By linking more than one hundred underground stations there are no longer the kind of gaps in coverage for emergency services which proved to be so handicapping in the aftermath of the 7th July 2005 London bombings.
Back then, emergency service personnel struggled to communicate effectively with each other as both underground trains and London buses were targeted by terrorists. The UKP £107m Airwave system went operational at the end of last year.
Unfortunately, the same ability to communicate underground will not now be extended to the general public. The Transport for London plan to bring mobile phone coverage to the Tube would appear to have gone nowhere, slowly.

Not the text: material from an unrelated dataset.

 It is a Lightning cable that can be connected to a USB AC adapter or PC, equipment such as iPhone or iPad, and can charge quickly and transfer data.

This despite TfL admitting that there is a growing demand for just that coverage, especially as London wants to be seen as a technology leader as the world watches when the Olympic Games arrive in 2012. It's not the first time TfL has hit problems involving the Olympics, as we reported last year.

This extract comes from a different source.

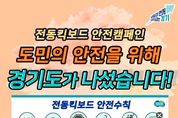 [한국기자연대] 경기도는 11월 한 달간 경기도의회, 경기도교육청, 경기 남ㆍ북부경찰청, 경기도교통연수원, 한국도로교통공단, 시군 등 유관기관과 함께 전동킥보드 안전문화 합동캠페인을 추진한다. 도는 전동킥보드 주요 사고 다발지역 및 유동인구 밀집 지역을 중심으로 유관기관 및 시민단체와 연계해 전동킥보드 필수 안전수칙이 담긴 홍보물을 배부하고 경찰과 협력해 현장 계도 활동도 병행한다. 시군별 전광판, 현수막 등 지역 홍보 매체를 적극 활용해 전동킥보드 안전수칙 홍보도 적극 확대할 계획이다. 특히 전동킥보드 사고 발생의 주요 원인인 면허 자격, 이용 연령, 안전모 착용, 동승 금지 의무 등을 집중적으로 안내하고, 교육청과 협력해 청소년 대상 교육도 강화할 방침이다. 윤태완 경기도 광역교통정책과장은 “이번 안전캠페인은 전동킥보드 안전이용 문화가 안착되는 계기가 될 것”이라며 “도에서는 캠페인 기간이 끝나더라도, 경찰청·교육청 등 유관기관과 지속 협력해 전동킥보드 안전사고 예방에 총력을 다할 계획이다”고 말했다. 현재 경기도 내 운영 중인 공유 전동킥보드는 6만 7,866대로 31개 시군 전역

TfL never even got as far as running the planned underground coverage trials, and a spokesperson has now told Silicon.com that "the market has yet to provide us with a credible proposal for enabling mobile phone use on the Tube."
TfL admits it is technically possible, as indeed Glasgow knows all too well as the Scottish city already has O2 mobile phone coverage for the underground system there, but claims that the project costs are just too prohibitive at this time.
Despite being 'open' to commercial approaches, TfL has no active plans to deploy any cellular technology underground.